“The effect on families is devastating,” said The Guardian Professor Jonathan Cooper of Washington University School of Medicine in St Louis, one of the project’s leaders.
The work began with a collaboration with researchers from Collaborations Pharmaceuticals who discovered that mice affected by a form of Batten disease known as CLN1 could be cured with a missing enzyme.

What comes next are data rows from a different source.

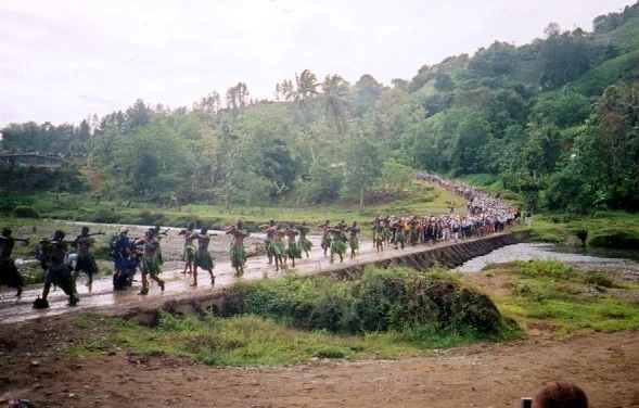 We left at 10:00 PM the next night. Eight buses were to take all 324 athletes (81 teams from throughout the world) on an eight-hour ride to the start line. After being jostled like sardines on the unkempt dirt roads, we were all ready to get the race started. At 6:00 AM we arrived in a small village in a remote area on the Eastern side of Vita Levu. Native warriors escorted us into the village and then along with the rest of the villagers, performed a dance ritual to prepare us for our journey. The faces of the villagers were awash with wonder, as most of them had never seen a non-Fijian before. There we stood, 320 + athletes in spandex, and Oakleys, and Gore-Tex, and SHOES.
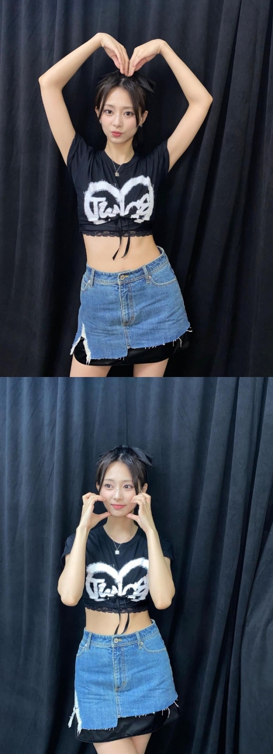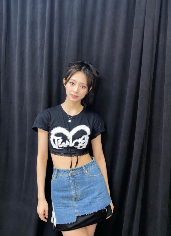 공개된 사진 속 쯔위는 허리라인이 드러나는 검은색 짧은 티셔츠와 청치마를 매치해 발랄한 분위기를 연출했다. 특히 그는 늘씬한 몸매와 한결같은 여신 미모로 팬들의 마음을 설레게 했다.
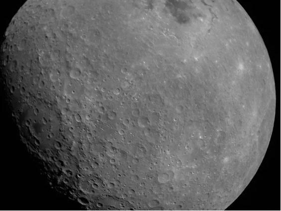 “月船 2 號(hào)”的一個(gè)攝像頭拍下的月球。
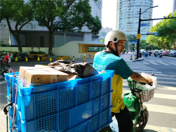 (青浦邮政投递员虽大汗淋漓,仍坚守岗位,确保将信件、包裹准时送达)

“It was encouraging, but we needed to test the treatment in larger brains with a structure more like a child’s,” said another project leader, Professor Tom Wishart, from the Roslin Institute in the United States. University of Edinburgh, where Dolly the sheep was cloned in 1996. “You cannot directly extrapolate from mouse experiments to humans. Having a larger intermediate model is important.
The researchers used the gene-editing technique known as Crispr-Cas9 to produce a version of the gene that drives CLN1 in sheep.
“The sheep ovaries were taken from the slaughterhouses, the eggs were taken and fertilized. Crispr reagents were added to make the required changes in CLN1 and the eggs were then implanted into surrogate sheep,” Wishart explained.
Now the researchers had a group of sheep carrying the defective gene.
“They are asymptomatic carriers, like parents of children with Batten disease,” Wishart added. “From these, we could then breed sheep that have two defective copies. They develop a disease like these children and have become the subjects of our therapeutic trials.
Batten disease wreaks havoc on children because they lack an enzyme made by healthy CLN1 genes. This causes their body’s lysosomes, the parts responsible for recycling waste products that accumulate in cells, to malfunction.